L'article 34 est l'un de ceux qui, au sein du présent collectif budgétaire, nous posent vraiment problème. Il porte sur l'intangibilité du bilan d'ouverture. Selon ce principe, une vérification fiscale des comptes d'une entreprise s'effectue en remontant, d'exercice en exercice, jusqu'à un certain point, car il faut bien parvenir à un sol stable : c'est le bilan intangible, lequel ne pourra pas être affecté par des redressements.
Il faut rappeler que le Conseil d'Etat, dans un arrêt d'assemblée, l'arrêt Ghesquière, du 7 juillet 2004, a opéré un revirement - comme il en a le secret - en revenant à sa jurisprudence antérieure à 1973, c'est-à-dire plus de trente ans en arrière, avec certainement d'excellentes raisons et sur la base d'une analyse que l'on ne saurait contester en droit.
Ainsi, le Conseil d'Etat a subordonné l'application intégrale de la correction symétrique des bilans à la bonne foi du contribuable.
Ce revirement de jurisprudence a des conséquences particulièrement importantes.
Le Gouvernement nous invite, dans l'article 34, à valider, nonobstant la nouvelle jurisprudence, les pratiques administratives et les impositions établies.
La commission rappelle que les modalités d'application du présent article, en particulier celles qui sont relatives à la validation des impositions, font l'objet de certaines controverses.
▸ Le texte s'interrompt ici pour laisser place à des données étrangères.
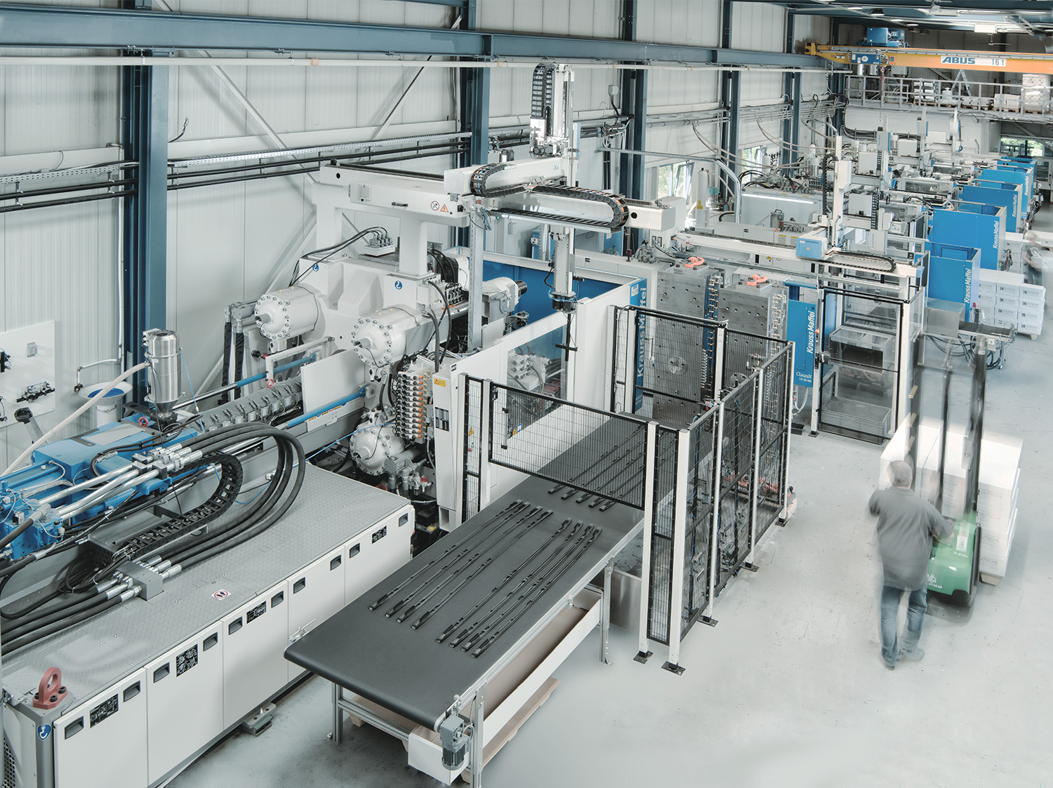 Mit unseren derzeit ca. 40 Mitarbeitern fertigen wir anspruchsvolle technische Kunststoffteile mit allen thermoplastischen Kunststoffen im 1K- und 2K-Verfahren. Wir verfolgen kontinuierlich die Modernisierung und Erweiterung unseres Maschinenparks. Durch den Einsatz fortschrittlicher Maschinen- und Robotertechnologie vom Hersteller KraussMaffei gewährleisten wir eine effiziente, qualitätssichernde und automatisierte Fertigung von hochwertigen Kunststoffteilen.

Les validations législatives ne nous plaisent guère, comme vous pouvez vous en douter, monsieur le ministre.
La validation des impositions voit toutefois sa portée atténuée. Ainsi, les impositions établies ne seront assorties que des intérêts de retard et les exceptions au principe d'intangibilité seront bien applicables, ce qui signifie qu'il ne s'agit pas d'une validation tout à fait intégrale. En outre, les décisions passées en force de choses jugées ne sont pas remises en cause. Enfin, cet article 34 est soumis au vote du Parlement moins de six mois après la nouvelle jurisprudence du Conseil d'Etat.
Il ne faut pas se le cacher, l'impact budgétaire de cette nouvelle jurisprudence pourrait être très important. Je ne sais pas s'il est possible de l'évaluer avec précision, mais on nous a parlé de plusieurs milliards d'euros. Au passage, monsieur le ministre, cela contredit légèrement l'argument avancé par l'administration selon lequel, au total, la règle de l'intangibilité profiterait autant au contribuable qu'à l'Etat.
De plus, dans le contexte budgétaire actuel, il n'est pas très agréable de se trouver sous une telle épée de Damoclès.
Sachant que l'arrêt du Conseil d'Etat a fait l'objet de nombreux commentaires de doctrine dans les mois qui ont suivi et que la commission n'a pas pu approfondir la question, il me paraît très difficile de souscrire à la validation qui nous est demandée.
Monsieur le ministre, il s'agit ici du premier article d'une série qui va me conduire à émettre ce type de remarque. En effet, il n'eût pas été difficile pour la direction de la législation fiscale, notamment, de s'exprimer sur ce sujet dès septembre ou octobre, de nous consulter et de nous apporter des éléments d'appréciation. Nous aurions pu réaliser des auditions, approfondir la réflexion et expertiser le sujet.
En l'occurrence, comme ce n'est pas le cas et comme la disposition nous est soumise tardivement dans le projet de loi de finances rectificative, nous ne pouvons souscrire à une validation même limitée.
Telle est la raison pour laquelle la commission préconise, à ce stade, la suppression de l'article 34.